AI‘s Net positive global economic impact
According to the study, by 2030, every new dollar invested in business-related AI solutions and services will generate $4.60 in the global economy, in terms of indirect and induced effects. This is determined by:
- Increased spending on AI solutions and services driven by accelerated AI adoption
- Economic stimulus among AI adopters, seeing benefits in terms of increased production and new revenue streams
- Impact across the entire AI vendor supply chain, increasing revenue from suppliers of critical supplies to AI solution and service providers
“In 2024, AI has entered a phase of accelerated development and deployment defined by widespread integration that has led to increased investments by companies aimed at significantly optimizing operational costs and time to market,” said Lapo FiorettiSenior Research Analyst, Emerging Technologies and Macroeconomics, IDC. “By automating routine tasks and enabling new efficiencies, AI will have profound economic consequences, reshaping industries, creating new markets, and changing the competitive landscape.”
Impact on employment: new roles emerge while others remain resilient
The majority of IDC respondents Future of Work Employee Survey expect some (48%) or most (15%) parts of their jobs to be automated by AI and other technologies in the next two years, while only a minority (3%) of employees expect their jobs to be fully automated by AI.
While some occupations will be negatively impacted by the proliferation of AI, new positions such as AI ethicists and AI engineers will emerge as dedicated roles within global organizations.
The study also indicates that the intensity of human contact, combined with the level of “task repetitiveness” that characterizes each role, will allow organizations to determine which roles will be entirely replaced by AI and automation, versus those where the role of technology will be to augment human capabilities.
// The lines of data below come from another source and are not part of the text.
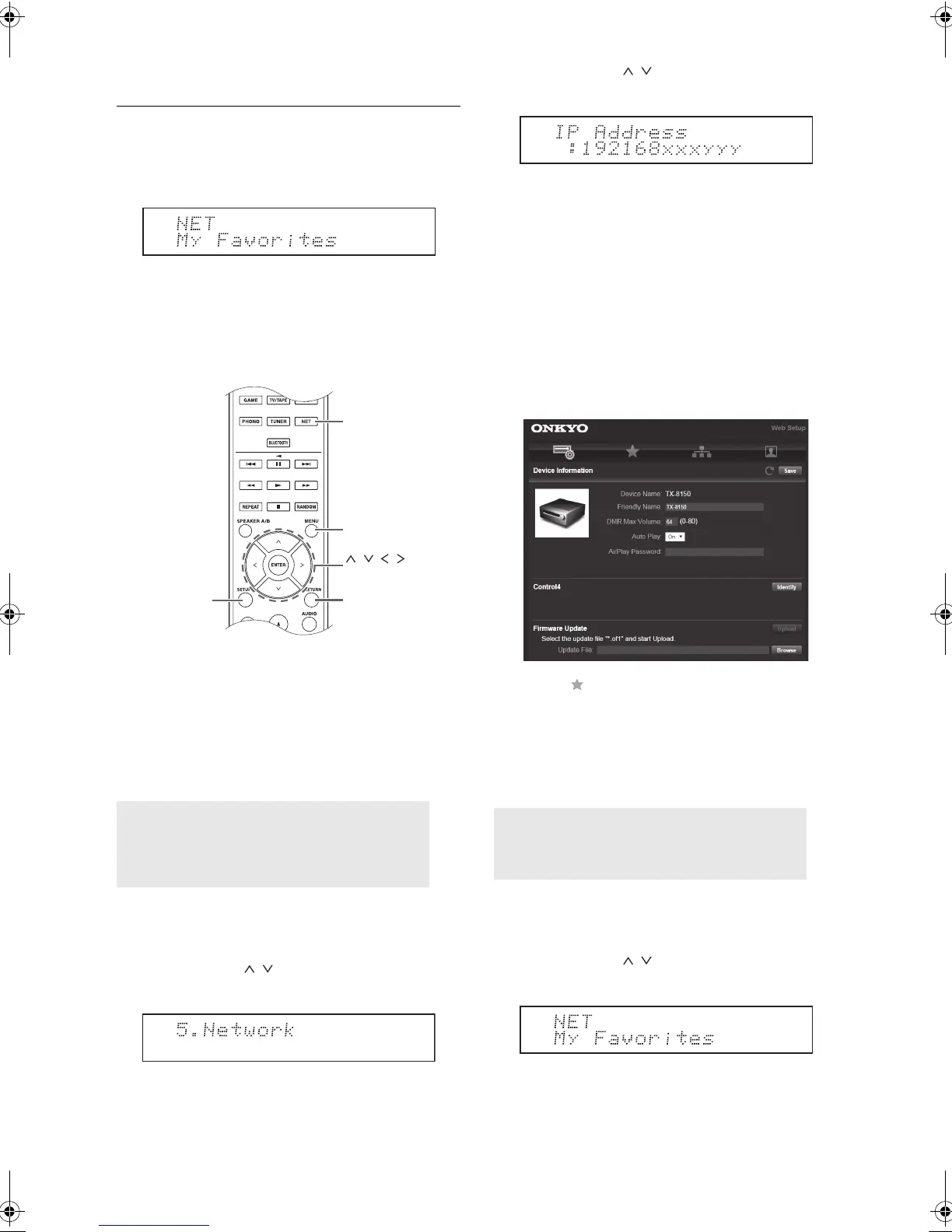 the NET button. “My Favorites” allows you to register up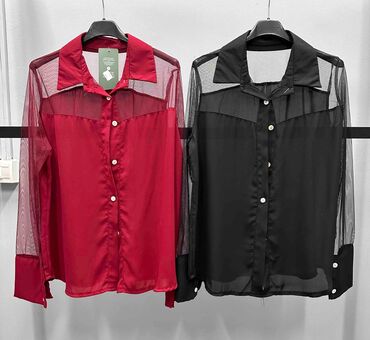 Plava prozirna bluza sa printom - Materijal: lagana, prozirna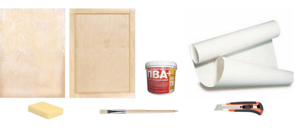 Материалы, оборудование и инструменты: планшет деревянный, бумага, канцелярский нож или ножницы, клей ПВА, широкая кисть, баночка для воды, губка.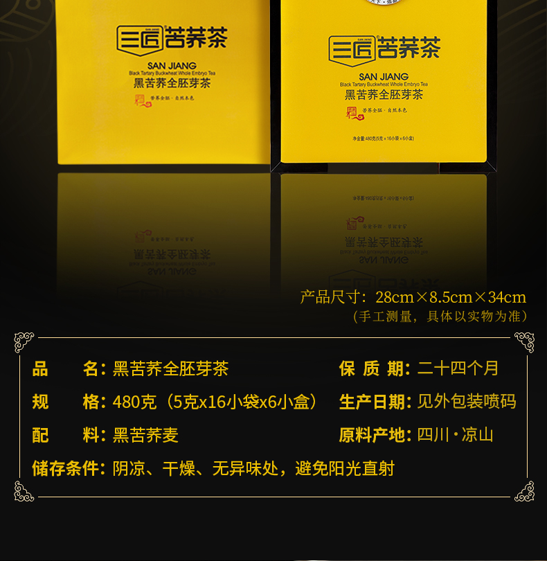 商品名称:三匠黑苦荞全胚芽茶品冠礼盒480g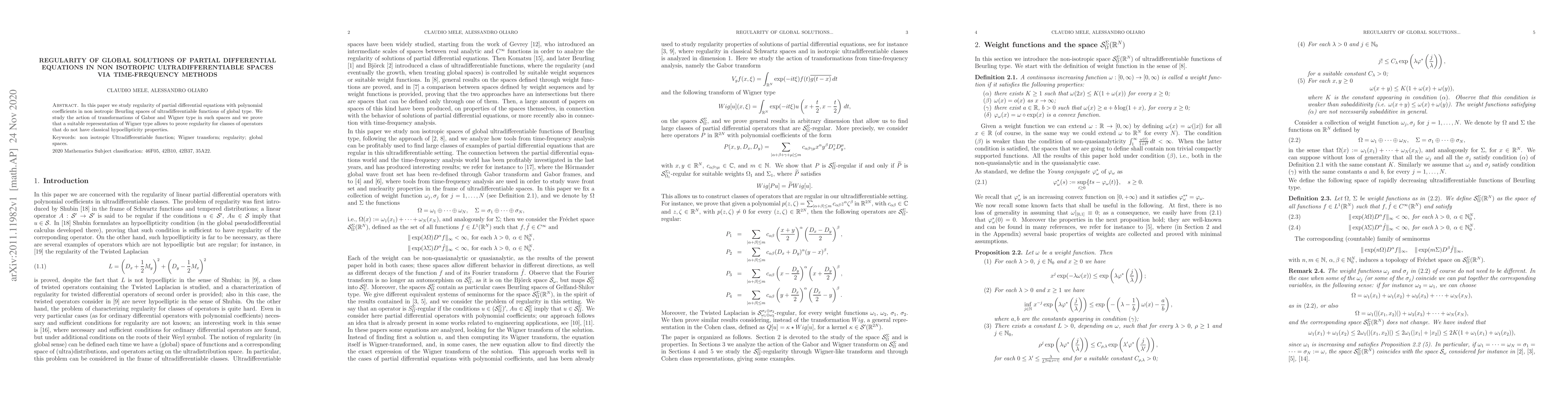 In this paper we study regularity of partial differential equations with polynomial coefficients in non isotropic Beurling spaces of ultradifferentiable functions of global type. We study the action of transformations of Gabor and Wigner type in such spaces and we prove that a suitable representation of Wigner type allows to prove regularity for classes of operators that do not have classical hypoellipticity properties.

For example, roles where human social and emotional capabilities are essential, such as nursing, and roles where decision-making encompasses ethics and understanding beyond the numbers, will remain strong.
“We’re all curious about whether AI will replace our jobs,” said Rick Villars, vice president of IDC’s Worldwide Research Group. “As one CEO interviewed by IDC’s Andrea Siviero said, “It’s clear from this study that we should be asking ourselves how AI can make our jobs easier and better. AI won’t replace your job, but someone who knows how to use it better than you will.”
Research methodology
To estimate the overall economic impact of a technology or service, IDC has developed an economic impact methodology that combines IDC’s market knowledge and internal data with a standard analytical framework, known as an economic impact analysis. It is based on an input-output (I/O) framework, using the most recent official input-output tables for a specific economy: using the I/O tables, specific multipliers are determined and applied to specific technologies to calculate the associated effect. This IDC economic impact analysis assesses three types of impact on the economy. In this AI-specific model, these are:
● Direct effect – includes revenue from commercial AI solution/service providers selling their products directly to end users.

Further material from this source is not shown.